# starter help. v3,classic,piccino?



## cappuccino crackers (Mar 12, 2014)

after speaking to a couple members. ive just joined btw. narrowed my first real machine to a v3 or gagg class, and a piccino, wud like to know peoples thoughts on these and what grinders they recommend to go with these. thanks. all advice or help appreciated thank you


----------



## Mrboots2u (May 10, 2013)

Ok how much money do out want or spend on machine

have you got a Grinder , if not you will have to budget for one accordingly ...


----------



## CFo (Aug 25, 2013)

couple of rockys for sale on forum @ £100 might make good first grinders. For machine, got to be a Gaggia (about £100) unless you are made of money and going £500+. Tamper about £15 and you are good to go.


----------



## cappuccino crackers (Mar 12, 2014)

ive today gt a new v3 silvia now think of grinder yeah a rocky looks thw bet. is there diff models and doser no doser pros and cons? bout 8-100ish spend


----------



## jcheung (Mar 11, 2014)

The Rocky is available with and without a doser.

Whether you go for doser or non doser depends on personal preference and your "workflow".

Personally, I only put enough beans into the hopper for one shot so the doser had always irritated me.

The sweepers were also rather ineffective and left coffee grounds in the doser which went stale if not cleaned regularly.

The final straw was then the lever spring broke so I converted it to doserless.

It works great now, and is a little more compact.


----------



## Mrboots2u (May 10, 2013)

80-100 is going to get limit your choice to Either a second hand rocky on the forum or mc2s.


----------



## cappuccino crackers (Mar 12, 2014)

say 100 ish. is a rocky best value? like compact as can for worktop space .


----------



## Mrboots2u (May 10, 2013)

cappuccino crackers said:


> say 100 ish. is a rocky best value? like compact as can for worktop space .

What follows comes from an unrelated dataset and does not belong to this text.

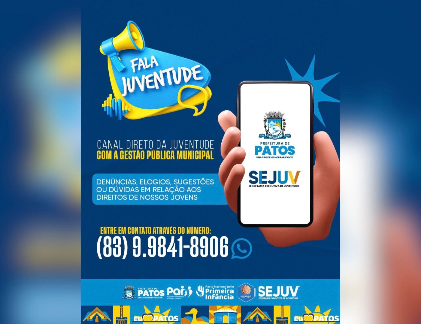 O Fala Juventude já está em funcionamento e pode ser acessado pelo número (83) 99841-8906, canal que ficará permanentemente à disposição para o envio de mensagens, sugestões e demandas.
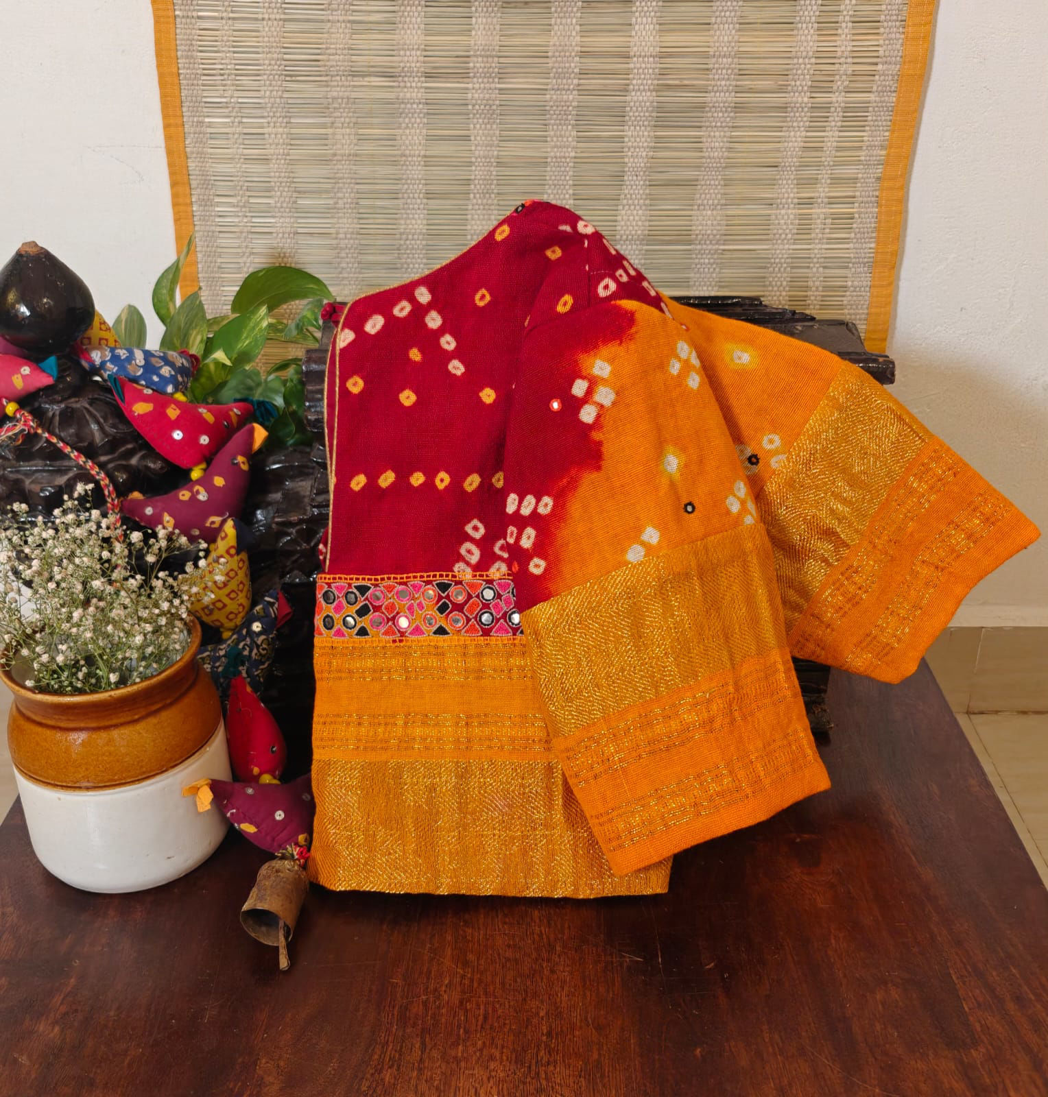 Vibrant bandhani in red and yellow — brought alive with intricate folk embroidery. A celebration of colour, craft, and culture, handmade with love at Svasa 🪡✨

The better the grinder you can get the better the ingredient , £100 will get you a grinder at the low end of the second hand market . At the price point your limited to a second hand mc2 or the rocky

personally I wouldn't buy either and I'd try and stretch the budget if possible

a lot of people will upgrade very quickly from either .

any half decent electronic grinder ( mc2 / rocky) in good working order for £100 isn't bad value though


----------



## Mrboots2u (May 10, 2013)

Rocky stepped adjustment with reference dial. Can be modded to stepless if required

mc2 stepless but noisy , but worm screw adjustment makes it difficulty to dial back and forth or undersrand a dial reference point. .


----------



## Mrboots2u (May 10, 2013)

I'm a a bit lost as there seems to be three threads of the same subject by the OP currently

In future might help responses and them not being repeated if one thread is posted .


----------



## oracleoftruth (Jan 15, 2014)

The gaggia mdf is also a good one if you are looking. Has same problems as rocky though.


----------



## cappuccino crackers (Mar 12, 2014)

yeah srry to all about going off on one. i will learn!!!!!


----------